Inhibition of lcn2 decreases the effect of surface proteins on the expression levels of osteoclast-related genes and proteins. The expression levels of RANKL-induced osteoclastogenic genes measured by qPCR (A), expression levels of RANKL-induced osteoclastogenic proteins measured by western blotting (B) and quantified (C), and expression levels of NFATc1-downstream genes measured by qPCR (D). The values indicate the mean ± SD of three independent experiments performed in triplicates. The full-length blots are shown in Supplementary Fig. 5.

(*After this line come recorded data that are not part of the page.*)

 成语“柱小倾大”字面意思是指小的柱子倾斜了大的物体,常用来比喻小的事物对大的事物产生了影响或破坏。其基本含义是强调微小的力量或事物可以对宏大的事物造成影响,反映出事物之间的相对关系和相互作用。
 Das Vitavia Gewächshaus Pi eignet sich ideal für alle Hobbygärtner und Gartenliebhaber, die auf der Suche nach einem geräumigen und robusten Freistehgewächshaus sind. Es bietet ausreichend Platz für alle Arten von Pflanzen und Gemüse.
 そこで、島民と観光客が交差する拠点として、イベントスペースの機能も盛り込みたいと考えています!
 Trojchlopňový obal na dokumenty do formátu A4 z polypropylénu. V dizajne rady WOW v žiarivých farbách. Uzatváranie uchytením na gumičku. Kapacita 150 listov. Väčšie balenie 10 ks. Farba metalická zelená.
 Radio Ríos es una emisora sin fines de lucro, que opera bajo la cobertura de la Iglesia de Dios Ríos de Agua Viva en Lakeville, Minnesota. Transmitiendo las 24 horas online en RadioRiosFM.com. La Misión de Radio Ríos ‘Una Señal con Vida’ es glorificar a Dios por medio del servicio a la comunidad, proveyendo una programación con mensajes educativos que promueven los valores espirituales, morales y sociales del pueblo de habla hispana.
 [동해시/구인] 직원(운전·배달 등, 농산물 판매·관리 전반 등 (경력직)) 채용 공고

Heat-treated surface proteins and trypsin-shaved peptides from the bacterial cell surfaces inhibit osteoclastogenesis
In our previous study, heat-killed MJ2 at 100 °C for 30 min showed inhibitory effect on osteoclast differentiation16. Thus, the effect of heat-treated surface proteins on osteoclastogenesis was observed by measuring TRAP activity to investigate whether it showed an effect similar to that of non-heat-treated surface proteins. Similar to the effect of non-heat-treated surface proteins, TRAP activity in the cells treated with heat-treated surface proteins significantly decreased compared with that in the RANKL-only treated group (Fig. 6A). In addition, we investigated whether trypsin-shaved peptides from bacterial cell surfaces could inhibit osteoclastogenesis. Hence, we prepared trypsin-shaved peptides from the bacterial cell surfaces. TRAP activity in trypsin-shaved peptide-treated cells was also significantly decreased compared with that in the RANKL-only treated group (Fig. 6B). The inhibitory effect of trypsin-shaved peptides was similar to or slightly greater than that of surface proteins. Therefore, the inhibitory effect of surface proteins on osteoclastogenesis may not be derived from whole surface proteins.

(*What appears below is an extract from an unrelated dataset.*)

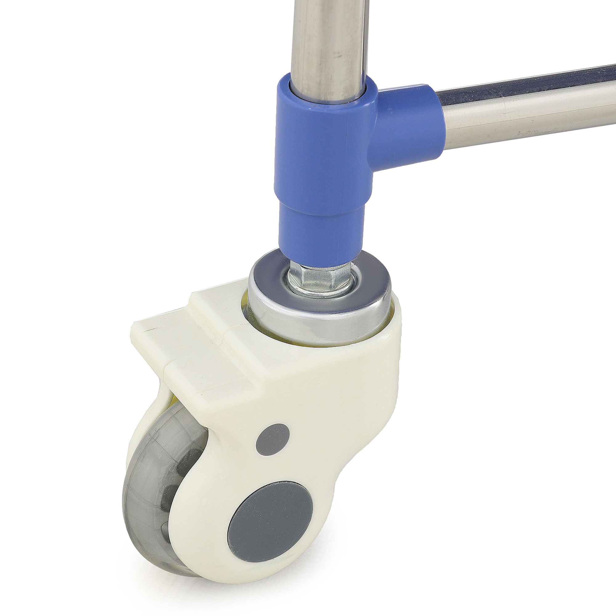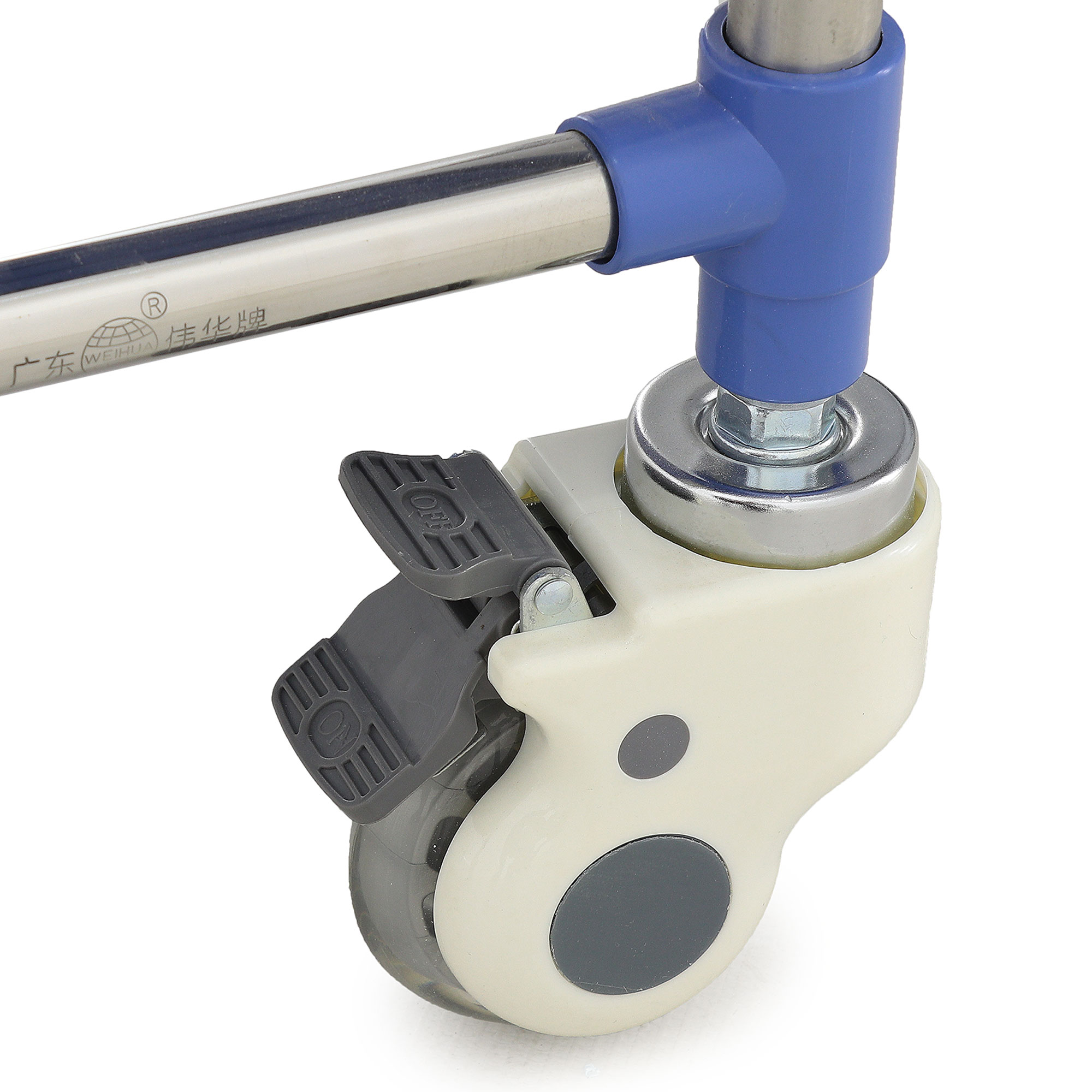 - Маневренные колеса диаметром 80 мм, оснащенные диагональными тормозами, гарантируют стабильность и легкое перемещение тележки, а также надежную фиксацию на месте.

Effects of heat-treated-surface proteins and trypsin-shaved peptides on osteoclast differentiation. RANKL-induced osteoclast formation was measured using TRAP activity assay. TRAP activities of RANKL-induced cells treated with heat-treated surface proteins (10 μg/mL) (A) and trypsin-shaved peptides (B) were measured. The values indicate the mean ± SD of three independent experiments performed in triplicates.

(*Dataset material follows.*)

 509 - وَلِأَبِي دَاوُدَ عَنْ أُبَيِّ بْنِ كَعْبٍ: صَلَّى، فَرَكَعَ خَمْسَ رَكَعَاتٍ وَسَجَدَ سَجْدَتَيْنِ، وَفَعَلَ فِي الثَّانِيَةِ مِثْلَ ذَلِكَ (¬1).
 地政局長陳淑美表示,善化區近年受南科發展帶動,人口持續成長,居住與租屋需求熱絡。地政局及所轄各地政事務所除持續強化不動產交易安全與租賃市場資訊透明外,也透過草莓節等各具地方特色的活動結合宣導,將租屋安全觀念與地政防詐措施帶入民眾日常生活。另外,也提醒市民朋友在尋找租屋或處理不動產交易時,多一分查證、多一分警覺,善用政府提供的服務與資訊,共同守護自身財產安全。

Identification of surface proteins extracted from P. freudenreichii MJ2
To identify the surface proteins from MJ2, Gu-HCl-extracted proteins were digested with trypsin and LC–MS/MS was performed. A list of proteins that matched more than five unique peptides and a score > 50 from P. freudenreichii-derived proteins was obtained by searching the MS/MS spectra (Table 2). Interestingly, chaperonins and heat shock proteins were the main Gu-HCl-extracted surface proteins.
Discussion
The surface layer components of some probiotic gram-positive bacteria, mainly proteins, glycoproteins, and lipoteichoic acids, have been studied for their probiotic effects, such as anti-inflammatory activity and inhibition of pathogen infection19. Surface proteins from P. freudenreichii have immunomodulatory properties in peripheral blood mononuclear cells and involve in adhesion to colon cells14,20. Surface proteins show immunomodulatory effects in the intestine21,22, which suggests that surface proteins obtained from probiotics may be developed as a treatment for immune-related diseases, such as inflammation, after evaluating their clinical effects. In this study, surface proteins of MJ2 inhibited the expression of NFATc1 and also of Ctsk, Calcr, and Atp6vod2 which engage in bone resorption by osteoclast23. TRAP and F-actin staining showed that surface proteins decreased the formation of mature osteoclasts. Thus, surface proteins of MJ2 showed inhibitory effect on osteoclast differentiation, suggesting that surface proteins of MJ2 might be developed as a treatment of RA.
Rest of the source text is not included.